Provided data:
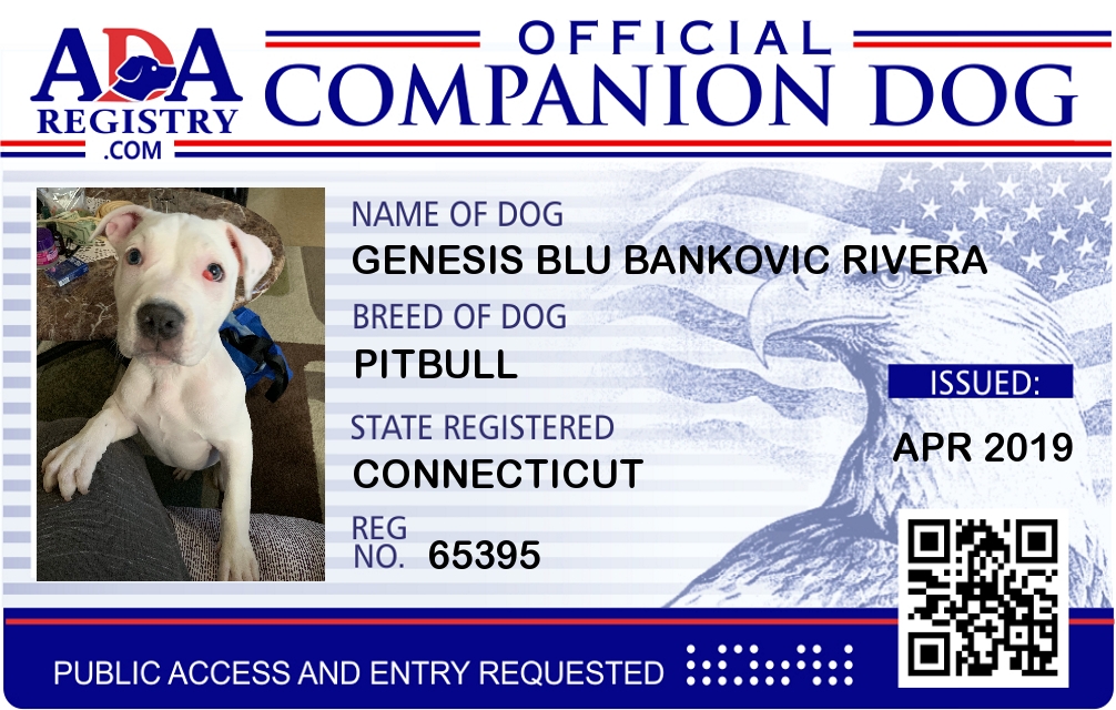 Companion Dog Registration for Genesis Blu Bankovic Rivera
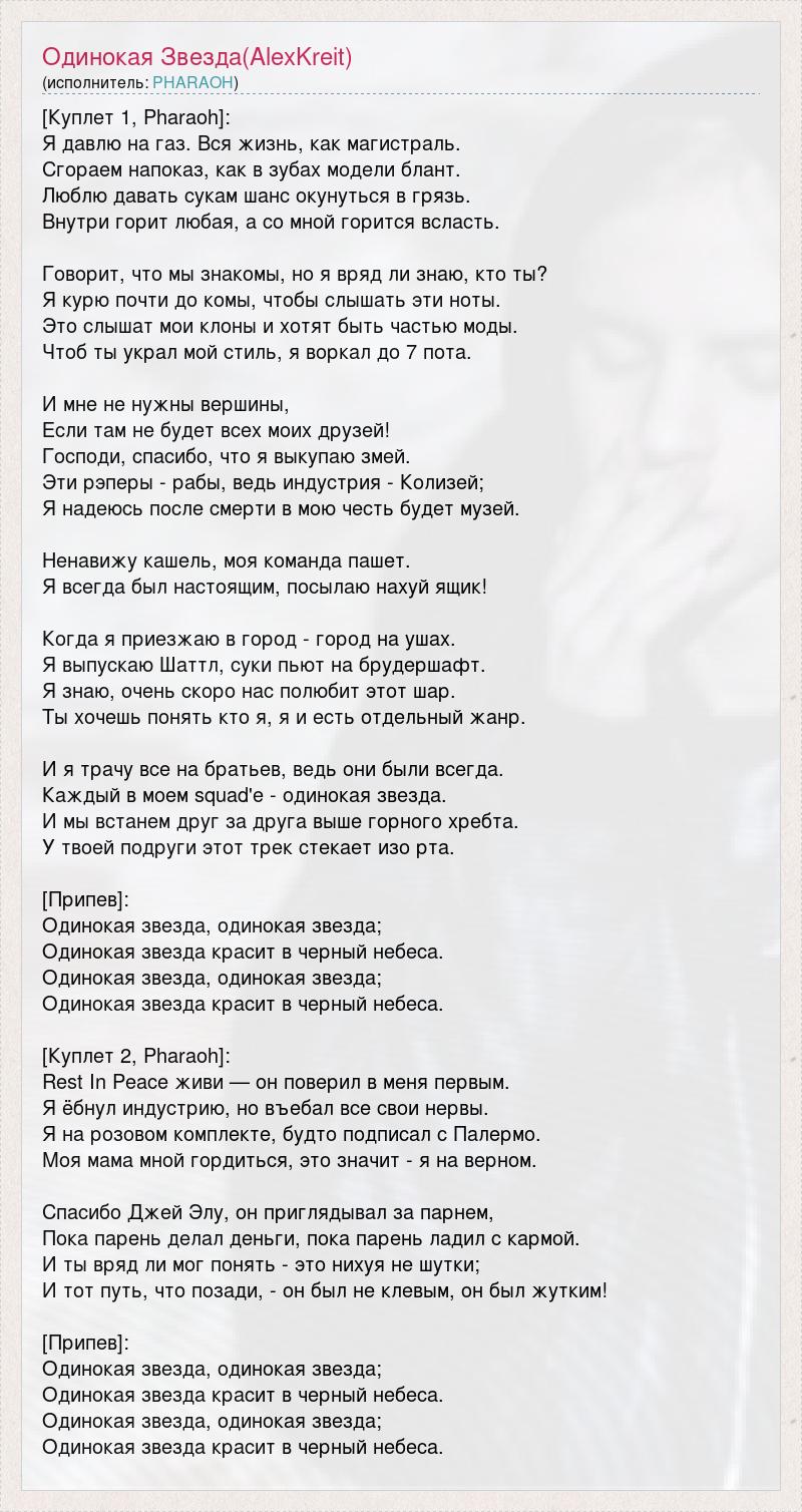[Куплет 1, Pharaoh]: Я давлю на газ. Вся жизнь, как магистраль. Сгораем напоказ, как в зубах модели блант. Люблю давать сукам шанс окунуться в грязь. Внутри горит любая, а со мной горится всласть. Говорит, что мы знакомы, но я вряд ли знаю, кто ты? Я курю почти до комы, чтобы слышать эти ноты. Это слышат мои клоны и хотят быть частью моды. Чтоб ты украл мой стиль, я воркал до 7 пота. И мне не нужны вершины, Если там не будет всех моих друзей! Господи, спасибо, что я выкупаю змей. Эти рэперы - рабы, ведь индустрия - Колизей; Я надеюсь после смерти в мою честь будет музей. Ненавижу кашель, моя команда пашет. Я всегда был настоящим, посылаю нахуй ящик! Когда я приезжаю в город - город на ушах. Я выпускаю Шаттл, суки пьют на брудершафт. Я знаю, очень скоро нас полюбит этот шар. Ты хочешь понять кто я, я и есть отдельный жанр. И я трачу все на братьев, ведь они были всегда. Каждый в моем squad'е - одинокая звезда. И мы встанем друг за друга выше горного хребта. У твоей подруги этот трек стекает изо рта. [Припев]: Одинокая звезда, одинокая звезда; Одинокая звезда красит в черный небеса. Одинокая звезда, одинокая звезда; Одинокая звезда красит в черный небеса. [Куплет 2, Pharaoh]: Rest In Peace живи — он поверил в меня первым. Я ёбнул индустрию, но въебал все свои нервы. Я на розовом комплекте, будто подписал с Палермо. Моя мама мной гордиться, это значит - я на верном. Спасибо Джей Элу, он приглядывал за парнем, Пока парень делал деньги, пока парень ладил с кармой. И ты вряд ли мог понять - это нихуя не шутки; И тот путь, что позади, - он был не клевым, он был жутким! [Припев]: Одинокая звезда, одинокая звезда; Одинокая звезда красит в черный небеса. Одинокая звезда, одинокая звезда; Одинокая звезда красит в черный небеса.
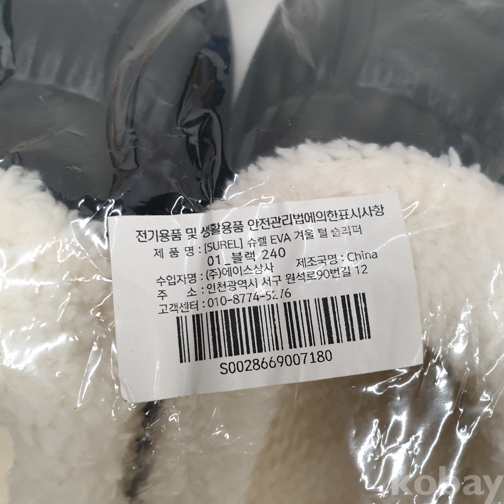 [천원경매] 12-0134 겨울 털 슬리퍼 (블랙 240 , 미개봉)

What you are asked to do: The data should be printed again unchanged; leave its pictures out.

Response:
 Companion Dog Registration for Genesis Blu Bankovic Rivera
[Куплет 1, Pharaoh]: Я давлю на газ. Вся жизнь, как магистраль. Сгораем напоказ, как в зубах модели блант. Люблю давать сукам шанс окунуться в грязь. Внутри горит любая, а со мной горится всласть. Говорит, что мы знакомы, но я вряд ли знаю, кто ты? Я курю почти до комы, чтобы слышать эти ноты. Это слышат мои клоны и хотят быть частью моды. Чтоб ты украл мой стиль, я воркал до 7 пота. И мне не нужны вершины, Если там не будет всех моих друзей! Господи, спасибо, что я выкупаю змей. Эти рэперы - рабы, ведь индустрия - Колизей; Я надеюсь после смерти в мою честь будет музей. Ненавижу кашель, моя команда пашет. Я всегда был настоящим, посылаю нахуй ящик! Когда я приезжаю в город - город на ушах. Я выпускаю Шаттл, суки пьют на брудершафт. Я знаю, очень скоро нас полюбит этот шар. Ты хочешь понять кто я, я и есть отдельный жанр. И я трачу все на братьев, ведь они были всегда. Каждый в моем squad'е - одинокая звезда. И мы встанем друг за друга выше горного хребта. У твоей подруги этот трек стекает изо рта. [Припев]: Одинокая звезда, одинокая звезда; Одинокая звезда красит в черный небеса. Одинокая звезда, одинокая звезда; Одинокая звезда красит в черный небеса. [Куплет 2, Pharaoh]: Rest In Peace живи — он поверил в меня первым. Я ёбнул индустрию, но въебал все свои нервы. Я на розовом комплекте, будто подписал с Палермо. Моя мама мной гордиться, это значит - я на верном. Спасибо Джей Элу, он приглядывал за парнем, Пока парень делал деньги, пока парень ладил с кармой. И ты вряд ли мог понять - это нихуя не шутки; И тот путь, что позади, - он был не клевым, он был жутким! [Припев]: Одинокая звезда, одинокая звезда; Одинокая звезда красит в черный небеса. Одинокая звезда, одинокая звезда; Одинокая звезда красит в черный небеса.
 [천원경매] 12-0134 겨울 털 슬리퍼 (블랙 240 , 미개봉)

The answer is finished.